* What is being asked
Only some lines are wanted: please transcribe exactly those from the one containing "4月10日,河南省毕业生就业" through the end of the data, pictures excluded.

※ ※ ※

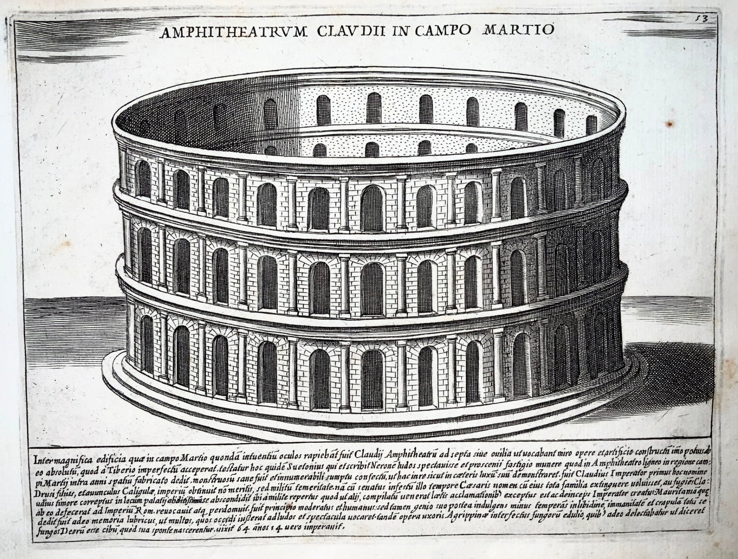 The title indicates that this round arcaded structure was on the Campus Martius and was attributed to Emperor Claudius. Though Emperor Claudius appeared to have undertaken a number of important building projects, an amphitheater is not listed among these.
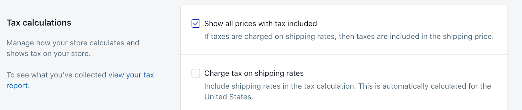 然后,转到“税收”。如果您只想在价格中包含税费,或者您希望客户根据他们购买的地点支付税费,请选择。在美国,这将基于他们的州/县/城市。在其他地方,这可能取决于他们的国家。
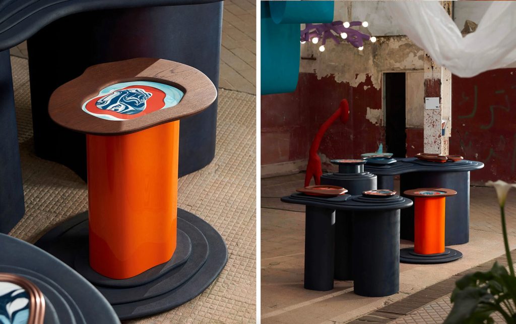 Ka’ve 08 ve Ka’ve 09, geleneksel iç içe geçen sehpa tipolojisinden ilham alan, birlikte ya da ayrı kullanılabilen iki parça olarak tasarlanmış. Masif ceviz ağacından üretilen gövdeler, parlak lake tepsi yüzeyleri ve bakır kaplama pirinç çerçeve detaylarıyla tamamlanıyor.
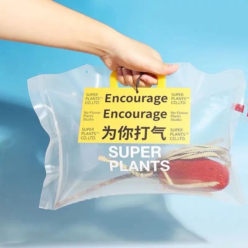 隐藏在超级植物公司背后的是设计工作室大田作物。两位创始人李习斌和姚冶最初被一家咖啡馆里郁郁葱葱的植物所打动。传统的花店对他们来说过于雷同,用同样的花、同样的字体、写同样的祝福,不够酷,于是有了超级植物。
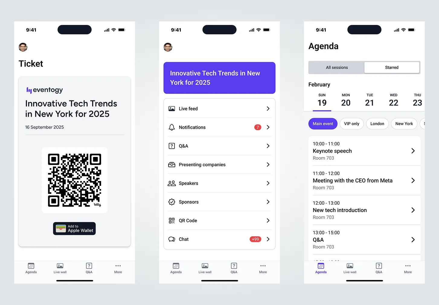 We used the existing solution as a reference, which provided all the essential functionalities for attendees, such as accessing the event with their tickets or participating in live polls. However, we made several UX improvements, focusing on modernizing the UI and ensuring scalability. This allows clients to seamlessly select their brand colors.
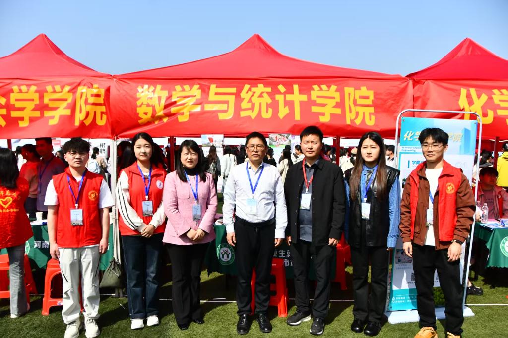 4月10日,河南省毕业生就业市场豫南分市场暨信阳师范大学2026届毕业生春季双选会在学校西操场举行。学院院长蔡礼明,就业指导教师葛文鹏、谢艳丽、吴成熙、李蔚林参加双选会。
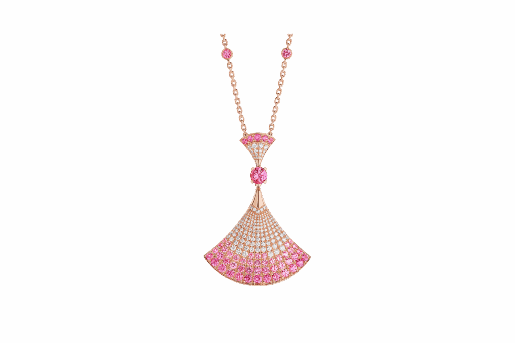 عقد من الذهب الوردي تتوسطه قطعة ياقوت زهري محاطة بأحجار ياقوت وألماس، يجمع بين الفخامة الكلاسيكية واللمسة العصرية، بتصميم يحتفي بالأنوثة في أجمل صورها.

※ ※ ※

* Answer to this problem
 4月10日,河南省毕业生就业市场豫南分市场暨信阳师范大学2026届毕业生春季双选会在学校西操场举行。学院院长蔡礼明,就业指导教师葛文鹏、谢艳丽、吴成熙、李蔚林参加双选会。
 عقد من الذهب الوردي تتوسطه قطعة ياقوت زهري محاطة بأحجار ياقوت وألماس، يجمع بين الفخامة الكلاسيكية واللمسة العصرية، بتصميم يحتفي بالأنوثة في أجمل صورها.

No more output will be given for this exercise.